**Requirement**
In the output, include exactly the lines from the beginning of the records up to and including the one that contains "The Theater at", and leave out the pictures.

**Data for review**
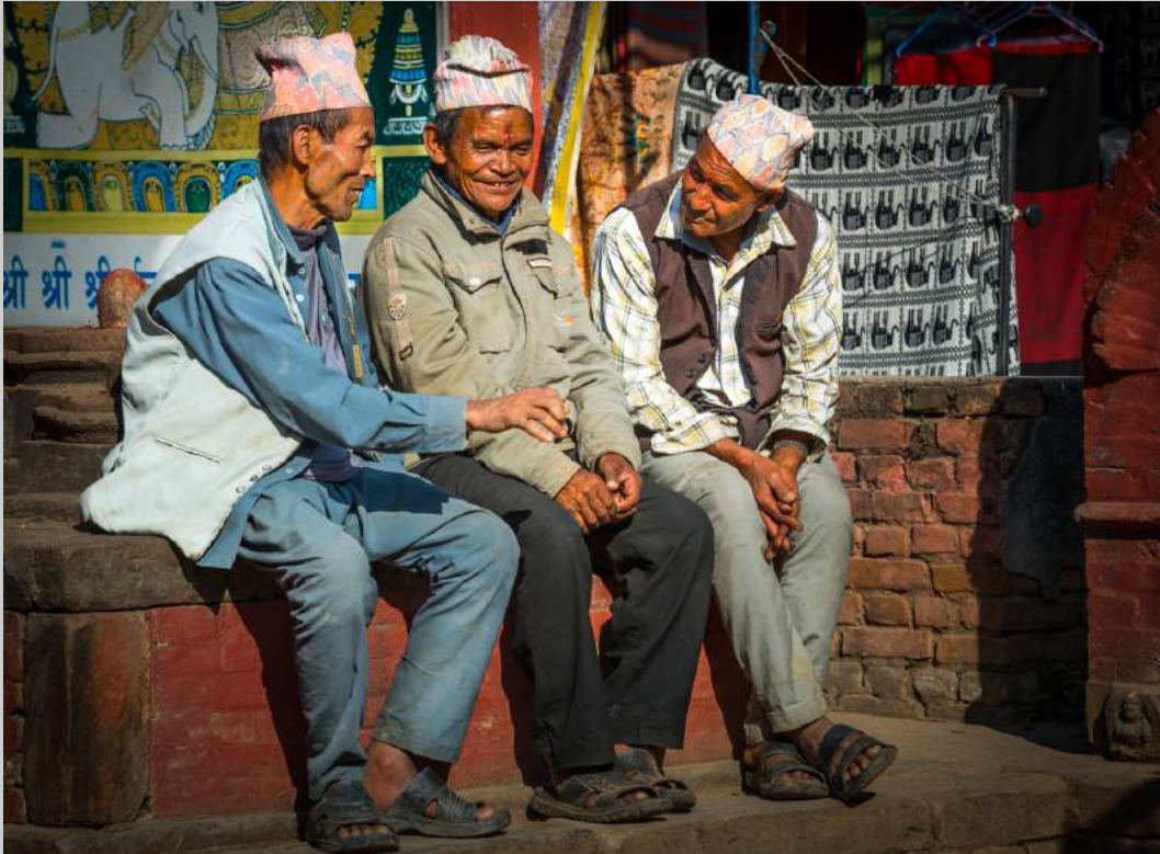
“CHATTING ABOUT GOOD OLD DAYS” © FRANCIS KING, GMPA 2019 S4C International Exhibition of Photography Photojournalism Human Interest
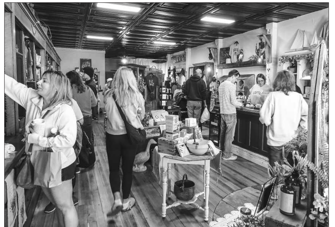
A LARGE CROWD SHOPS at The Goose & The Gander LLC during the Saturday, May 9 Inaugural Sidney Spring Fling event brought to you by The Goose & The Gander, LLC and the Sidney Improvement Group.

Your correspondent hopes readers were able to enjoy this inaugural event in downtown Sidney.
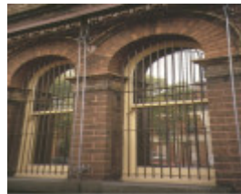
police station drummond street carlton detail of windows
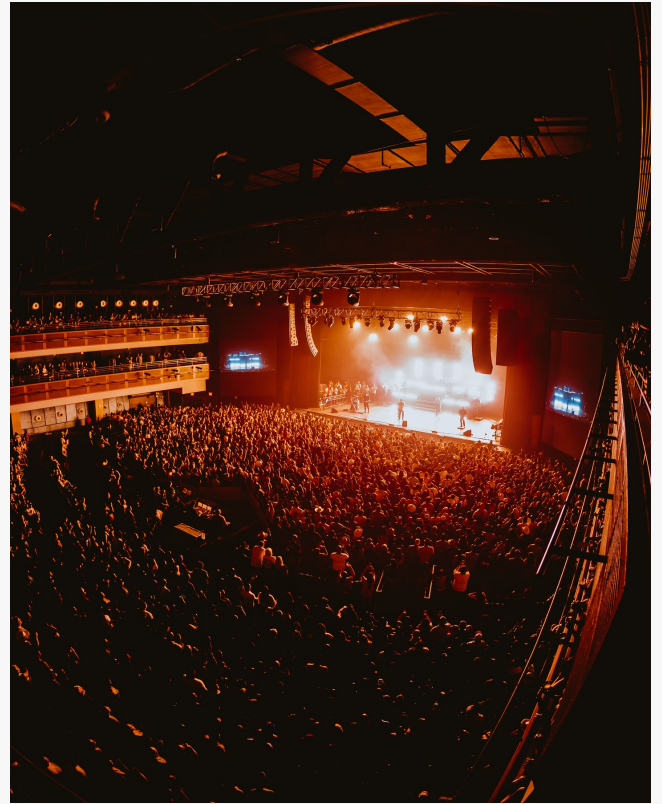
The Theater at Virgin Hotels - Record-breaking attendance for Maoli Music supported by Smartstage rental solutions
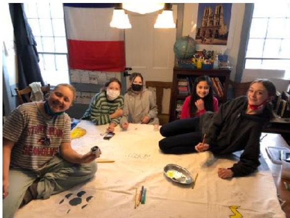
Girls at Girl Club working on a banner. We found powerful, inspiring quotes to paint on it. We will hang it in the school.

Right: Ms. Leah set up a demonstration to show half-life. The radioactive decay of elements like Carbon-14 can be used to date fossils, rocks, and archaeological artifacts.
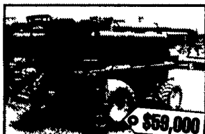
B 44554 1993 CIH 1688 4WD, 2250 Hrs, Rotor, Rock Trap, Chopper, Tires Drive-30.5x32, Steer-18.4x26, Field Tracker, 2 Sp Hydro
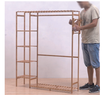
9 Install the completed Hooks on Frame (a) with Screws (j).
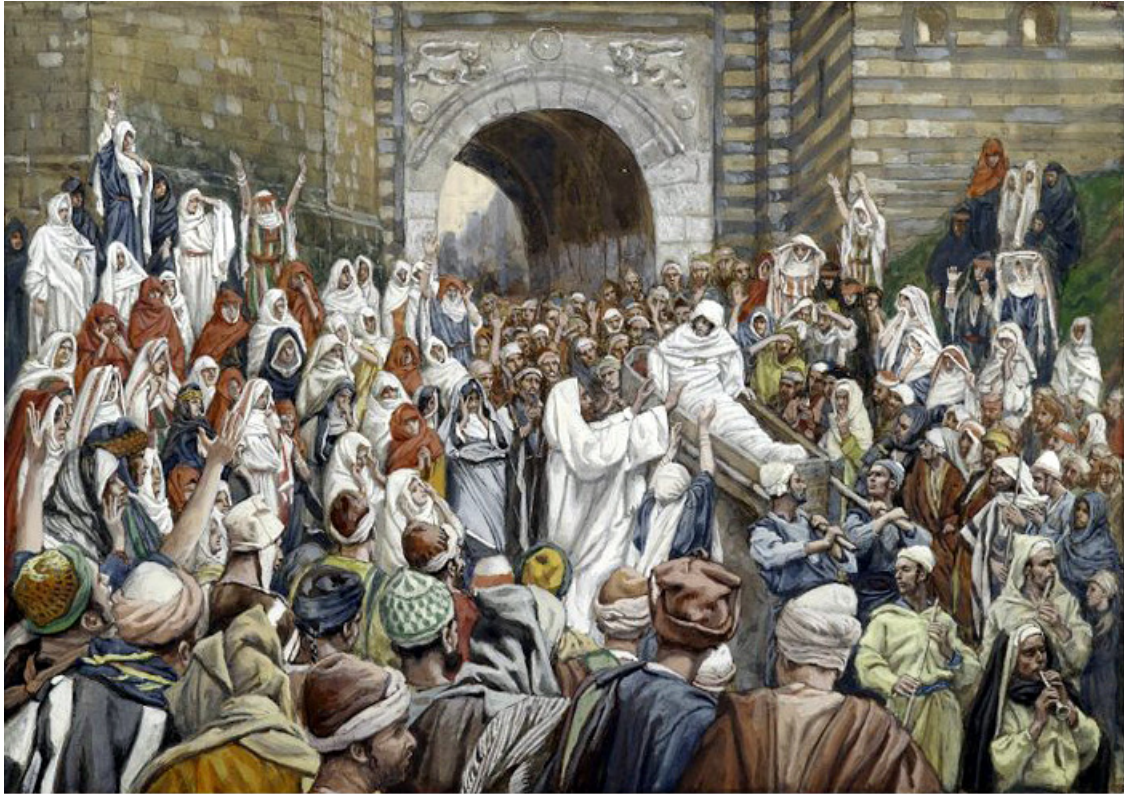
The Resurrection of the Widow's Son at Nain by James Tissot

Grace Evangelical Lutheran Church June 14, 2015

**Written answer**
“CHATTING ABOUT GOOD OLD DAYS” © FRANCIS KING, GMPA 2019 S4C International Exhibition of Photography Photojournalism Human Interest
A LARGE CROWD SHOPS at The Goose & The Gander LLC during the Saturday, May 9 Inaugural Sidney Spring Fling event brought to you by The Goose & The Gander, LLC and the Sidney Improvement Group.

Your correspondent hopes readers were able to enjoy this inaugural event in downtown Sidney.
police station drummond street carlton detail of windows
The Theater at Virgin Hotels - Record-breaking attendance for Maoli Music supported by Smartstage rental solutions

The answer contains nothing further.